◆ WHAT IS BEING ASKED ◆
Set down only the lines from the one containing "вязаный джемпер с" through the final line of the entries below, exactly as they stand, with no pictures.

# # # # # # #

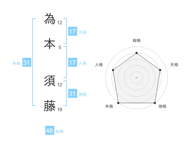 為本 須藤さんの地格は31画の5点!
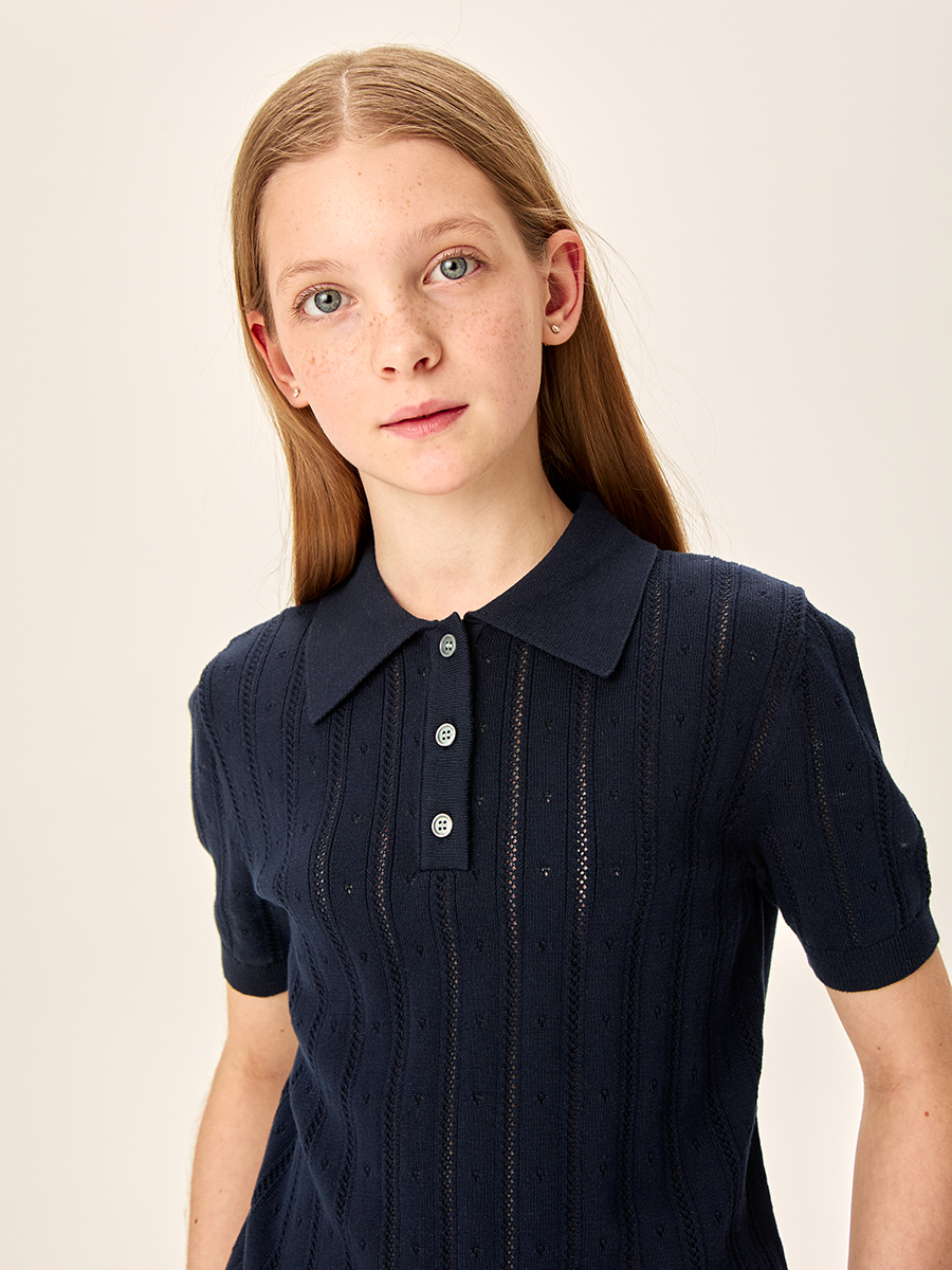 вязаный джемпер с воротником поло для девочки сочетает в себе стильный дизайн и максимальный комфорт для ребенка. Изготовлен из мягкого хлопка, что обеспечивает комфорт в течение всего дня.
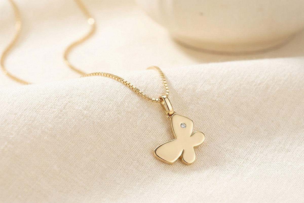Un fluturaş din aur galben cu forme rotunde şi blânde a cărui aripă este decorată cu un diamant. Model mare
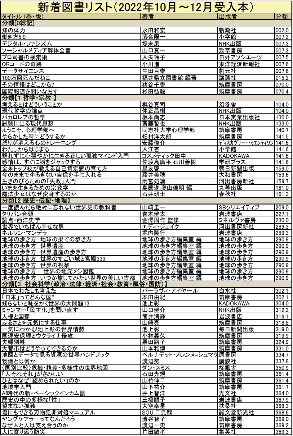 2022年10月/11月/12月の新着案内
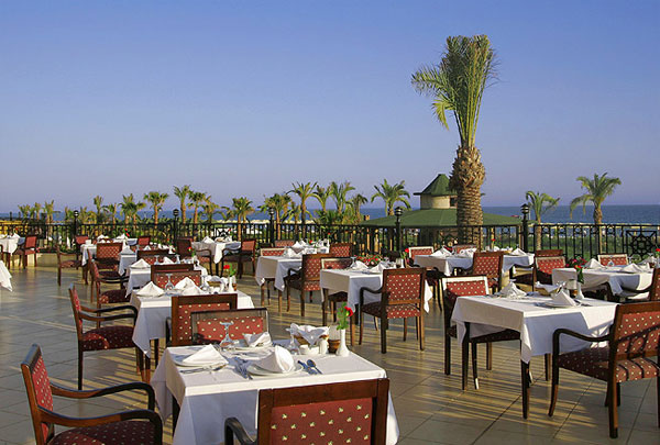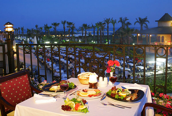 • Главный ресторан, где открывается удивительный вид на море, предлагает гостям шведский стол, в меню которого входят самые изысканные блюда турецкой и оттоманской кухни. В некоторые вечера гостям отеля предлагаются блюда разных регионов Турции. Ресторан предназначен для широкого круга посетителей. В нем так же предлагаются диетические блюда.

# # # # # # #

◆ ANSWER SPACE ◆
 вязаный джемпер с воротником поло для девочки сочетает в себе стильный дизайн и максимальный комфорт для ребенка. Изготовлен из мягкого хлопка, что обеспечивает комфорт в течение всего дня.
Un fluturaş din aur galben cu forme rotunde şi blânde a cărui aripă este decorată cu un diamant. Model mare
 2022年10月/11月/12月の新着案内
 • Главный ресторан, где открывается удивительный вид на море, предлагает гостям шведский стол, в меню которого входят самые изысканные блюда турецкой и оттоманской кухни. В некоторые вечера гостям отеля предлагаются блюда разных регионов Турции. Ресторан предназначен для широкого круга посетителей. В нем так же предлагаются диетические блюда.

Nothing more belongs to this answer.